# bugnation whats the deal?



## naturechris (Apr 23, 2009)

i just register with bug nation and then recieve a permanant ban.....? whats the deal with that?


----------



## selina20 (May 28, 2008)

naturechris said:


> i just register with bug nation and then recieve a permanant ban.....? whats the deal with that?


Talk to Shaz about it i suppose. Shes in my friends list under shazlew.


----------



## dehaani (Jan 13, 2009)

Did you carry out the full, unabridged initiation ceremony prior to your registration attempt? Who was your sponsor?


----------



## naturechris (Apr 23, 2009)

it didnt say anything about sponser. just normal registration.


----------



## dehaani (Jan 13, 2009)

I'm just messing with you 

They probably had to ban someone who happened to use the same IP as you now have.


----------



## Graz (Dec 7, 2006)

naturechris said:


> it didnt say anything about sponser. just normal registration.


if you register and your account is inactive for so long or something it gets banned and removed from what i understand.
tis a rather shit forum imo tbh.


----------



## naturechris (Apr 23, 2009)

all sorted now


----------



## tarantulabarn (Apr 21, 2005)

Graz said:


> if you register and your account is inactive for so long or something it gets banned and removed from what i understand.
> tis a rather shit forum imo tbh.


and why is that


----------



## PSYCHOSIS (Sep 23, 2008)

tarantulabarn said:


> and why is that


I think its a good forum , to be honest , it needs more members , because the centipede sub forum is dead lol .


----------



## selina20 (May 28, 2008)

I think bug nation is brilliant. Shaz and everyone are genuingly nice people and always up for having a good time at shows. You do get the occasional dodgy character but that goes with every forum.

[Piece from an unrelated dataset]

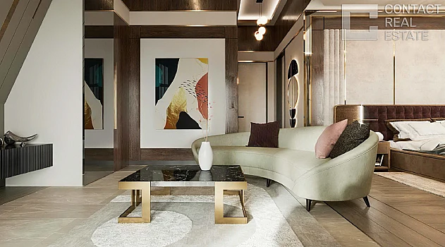 Уникальный деревянный дом площадью 600 м2 под ключ с мебелью. Дом лаконично вписывается в природное окружение. Внутренний интерьер органично сочетается и является продолжением архитектурной стилистики. В доме высокие потолки и большие окна, делающие более объемным пространство дома. А из окон открывается сказочный вид на лес. Мебель и предметы декора от известных мировых производителей.

Love the live auctions too as you can pick up a fair few deals off there.


----------



## Scaley (Sep 25, 2007)

Graz said:


> if you register and your account is inactive for so long or something it gets banned and removed from what i understand.
> tis a rather shit forum imo tbh.



BN is far from sh*t :2thumb:


----------



## Colosseum (Aug 8, 2008)

I think the only s**t! is what "Graz" is talking!


----------



## joeyboy (Jul 19, 2008)

it's good, it's just a shame there's not more traffic. However better less traffic then TONS of idiots spamming threads like " most easy spider i can keep?" over and over and over....


----------



## Jamie (Nov 18, 2007)

Arachnophiles and Arachnid-addicts FTW

:2thumb::2thumb::2thumb:


----------



## shazlew (Mar 2, 2006)

Thats good to know Graz I shall not forget it!
But thanks to the other guys who aint 2 faced :2thumb:


----------



## selina20 (May 28, 2008)

shazlew said:


> Thats good to know Graz I shall not forget it!
> But thanks to the other guys who aint 2 faced :2thumb:


Its cos we love you


----------



## shazlew (Mar 2, 2006)

love yas back all 3 of you lol


----------



## selina20 (May 28, 2008)

shazlew said:


> love yas back all 3 of you lol


Wooooo. Do i get another Bugnation sticker at the BTS


----------



## shazlew (Mar 2, 2006)

sadly me nor steve will be there so im a bit stuck at this show :S so no sticking them on your boobs for me this time :blush:


----------



## selina20 (May 28, 2008)

shazlew said:


> sadly me nor steve will be there so im a bit stuck at this show :S so no sticking them on your boobs for me this time :blush:


What will i do without my bugnation groping at the show :devil::devil::devil::devil:. Oh well next time we see you guys there will be another BN baby


----------



## Danhalen (Jun 6, 2008)

I like bug nation, and I've still yet to meet Shaz at a show too :blush:

Needs more spider activity though :razz:


----------



## selina20 (May 28, 2008)

Danhalen said:


> I like bug nation, and I've still yet to meet Shaz at a show too :blush:
> 
> Needs more spider activity though :razz:


There is . I have a big bums thread


----------



## gwinni (Oct 8, 2007)

I just joined the other day for advice about my roaches and i've had LOADS of help


----------



## selina20 (May 28, 2008)

gwinni said:


> I just joined the other day for advice about my roaches and i've had LOADS of help


Lols Shaz lurves roaches as she is the roach woman hahaha.


----------